我以為無論如何你都不會殺我,我以為無論如何你都能懂我。

原來你比我想象中還要恨我。

既然愛都變成了恨,我就算做償還我曾經的債吧。

我用那把簪子挖出了我心口裏的那顆血內丹,我看見你顫抖的眼神。

對不起了,這次,白頭偕老卻成了最大的謊言。

十皇十後的血已集齊,血內丹在我挖出來後大成。

我知道我自己已經命不久矣,我看見你慌忙止血的動作,我卻連擡手撫摸你的力氣都沒有了,我努力的從口中說出幾個字。

只願從此無羈絆。

冥冥之中我好像看見了你淚流滿面,看見你努力的喚醒我。

這次,真的累了,從此只求愛恨全無。

戎馬一生,從此徹底的沈寂。

作者有話要說: 考完半期,抽風中,難道語文作文這東西真的要天賦?

☆、憶與忘

像是回憶了太多一般,博衣海的臉上卻沒有了一滴淚水,卻恰是這時,一股黑霧瞬間的包圍了博衣海。

殺殺殺!

腦海中被這個字溢滿。

眼前一片血紅,嗜血的欲望侵蝕著博衣海的意識。

房門外釋時刻關註著博衣海的精神波動,一旦崩潰,抹殺之。

看著高頻率的精神活動,釋手裏緊緊捏了一把汗,負面靈魂的威力太大,縱然之前已經做了很多的準備,但還是成功率太低。自己也不能侵入博衣海的思想中去幫他指點出路,蛇,如此早的做這個決定,是不是太過匆忙?

黑氣已經完全入侵。博衣海的家裏早已是一片狼藉。

博衣海站在一個黑暗的地方,明明漆黑一片卻能看見四處飄蕩的鬼魂。

黑暗,像是要吞噬了自己一般。

忽聞耳邊傳來一聲輕笑。

誰?博衣海轉身,卻依舊是一片黑暗。

突然間亮起了一盞燈,一個人緩緩步出。

這人長發飄飄,身穿金甲,手持鐵戟,那面貌與博衣海九分相似,胸口處卻有一個空洞,一眼看過去都能看見那人身後的黑暗。

亦海?博衣海疑惑的問道。

那人頓住,開始仔細打量博衣海。

你是誰?那人問道,淩厲的眼神逼迫的博衣海動彈不得。

不知怎的,博衣海回答不出。

那男人再次輕笑,看著於自己九分相似的臉龐,博衣海再次折服於男人的氣質。

多少年了,我在這裏多少年了,如今來了個還記得我名字的人,卻忘記了他自己的名字,真是可笑。

周圍的靈魂體們被這詭異的笑聲給驚嚇的到處逃跑。

男人笑的詭異,停下來後卻立馬掐住博衣海的脖子,表情一副猙獰。

來了又怎樣,最多也只能在這裏陪葬而已。看到了嗎,這片墳墓,就是當年進入我皇宮的那些人,看到他們的下場了嗎?

當年跑了一個,是不是你?

博衣海掙紮著想逃離束縛,一臉不可置信的看著眼前的亦海,為什麽這和剛剛的記憶不一樣?你怎麽能忘記?

好像下一秒或下下秒博衣海就會被掐死,而亦海卻在這個時候放開了手。開始喃喃自語。

不是你,當年跑走的是個綠色頭發的家夥,不對,不對。亦海眼神有點混亂。

我知道他是誰,博衣海平靜的說。

誰,快告訴我!

看著那空洞洞的胸膛,博衣海微微一笑,唯一被記在心裏的人,心不在了,所以就忘記了嗎?

忘海。

忘海?忘海是誰?

博衣海怔住,忘海是誰?這該怎麽說?閉上眼睛,手輕靠上胸膛,感受著蓬勃的心跳。
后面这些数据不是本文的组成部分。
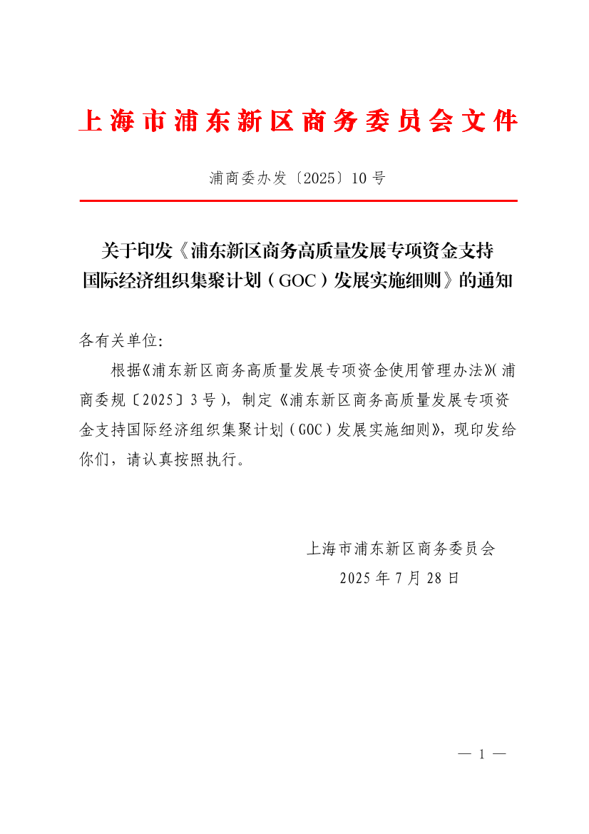 浦東新區(qū)商務(wù)高質(zhì)量發(fā)展專項資金支持國際經(jīng)濟組織集聚計劃(GOC)發(fā)展實施細(xì)則

嘴裏默念蛇的名字,發現自己加速跳動的心臟,原來自己,已經愛上。

忘海是你最愛的人。堅定的說出。

黑暗崩潰,光明重現。

睜開眼,博衣海發現自己正躺在地板上。淚漬侵染了襯衫,腦海中卻一片空白。

自己這是怎麽了?

門外的釋無奈的嘆氣,蛇,我們都盡力了。

而博衣海卻

全忘了。

說全忘了也不盡然,只是忘記了所有關於亦海與蛇的東西。

好像一切重來,而時間卻沒有倒退。

距離蛇沈睡的時間被縮短的只有半個月。

博衣海將他對蛇的感情告訴了亦海,亦海沒有了心,不能理解,愛這個東西,讓亦海所創造的黑暗的世界卻破碎,好不容易說出口的感情被徹底的撕碎。所以,關於蛇的記憶全都成了碎片。一片一片,散落在血內丹的表面。那是亦海心臟的地方。

同樣,他與希之間的間隔也被忘記。

密室裏的蛇依舊微笑看著對面猖狂大笑的希。記不起來又怎麽樣,剛剛博衣海那句最愛的人已經讓他覺得死而無憾。
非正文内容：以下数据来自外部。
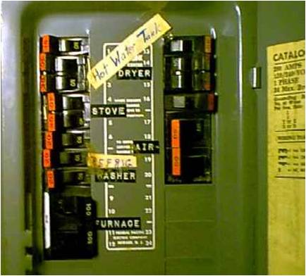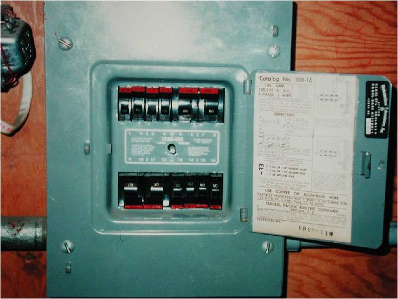 · Of all the hazardous conditions reported in FPE breakers, only one unsafe condition is visible without dismantling. FPE breaker toggles in the “on” position often are out of straight line, in a “jagged tooth”-type pattern (a panel being tested illustrates these jagged rows below). Typically, this shows lockup, failures to reset or improper breaker seating; it also can result from clogging and age. Mr. Leathers believes panels like that should be replaced, since the cost of live current testing or replacing FPE breakers usually is more than installing a modern panel. We agree.)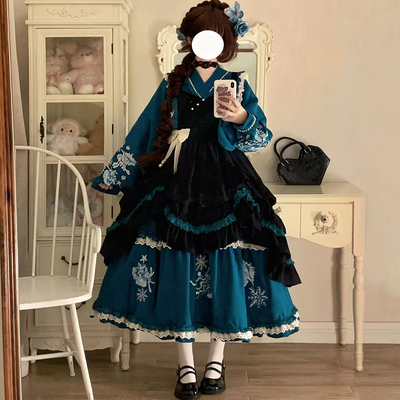 双月原创 蓝月岛 日常洛丽塔国风汉元素长袖lolita连衣裙罩裙套装368元淘宝398元

時隔千年,少年時保留的不安徹底消除,縱然將陷入沈睡,想必會是一個很好的夢。

海,如果你的靈魂被希抹除,那麽我將永遠的陷入夢中與你再續天倫之樂。然後,在夢中的時候,現實中因為血內丹被判處靈魂死刑,這樣我們都能消散於這天地之間。

希一躍而起,快步走出這密室,現在這個密室,已經對他沒有任何的禁錮作用。回頭看了看癡笑的蛇,臉上盡是不屑,這個世上,怎麽可能有那麽純真的愛戀。

血內丹光芒大綻,引得天地異象。

天界的老頑固們受這一驚,紛紛前往人界。

蛇,在劫難逃。

他卻依然無動於衷。

冰替不解的看著安然打坐的蛇,自己的這個好友難道是真的放棄了嗎?可是自己無論怎樣都不想他遭受魂刑的痛苦。自己,必須做點什麽。
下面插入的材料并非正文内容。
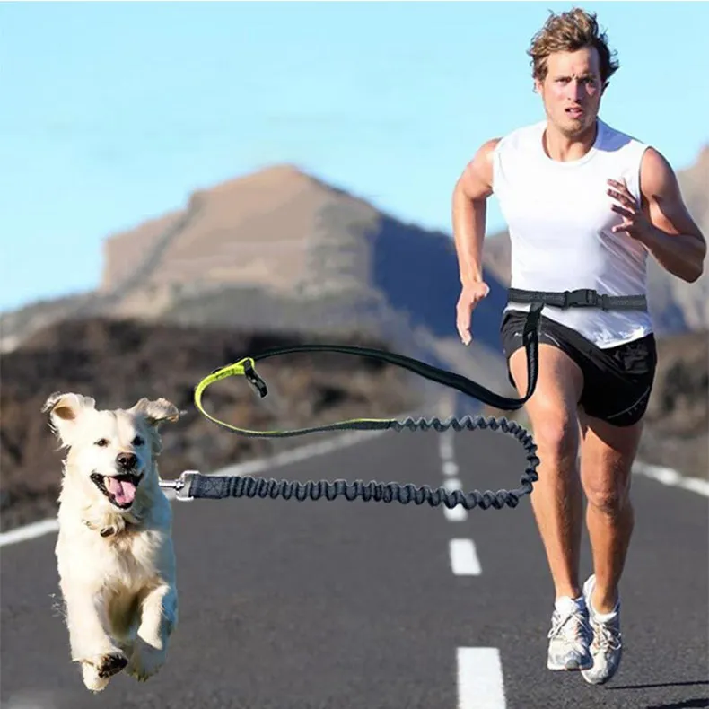 Pet Sport Elastic Nylon Dog Leash Running Hands Free Leash For Dog Harness Lead Collar Jogging Waist Belt Training Adjustable

日子據那天已經過去一周,博衣海每天上班下班,或者有時候陪著希去逛街,順帶一提,博衣海的公司裏面也沒有了一個叫做博詢的助理。

不知怎的,這幾天博衣海總覺得日子過得慌,像什麽不好的事情要臨近。

看著美貌的希,自己的心卻少了雀躍的感覺。像空了一樣,除了心跳,什麽都沒有。

希好像也與自己記憶中有些許不一樣,但又說不出是哪裏變化了。

釋帶著彼岸在博衣海的家中圈圈畫畫一些詭異的符號,當初封閉大部分博衣海記憶的就是彼岸,現在,他們要解開全部的封印,為了賭最後一把。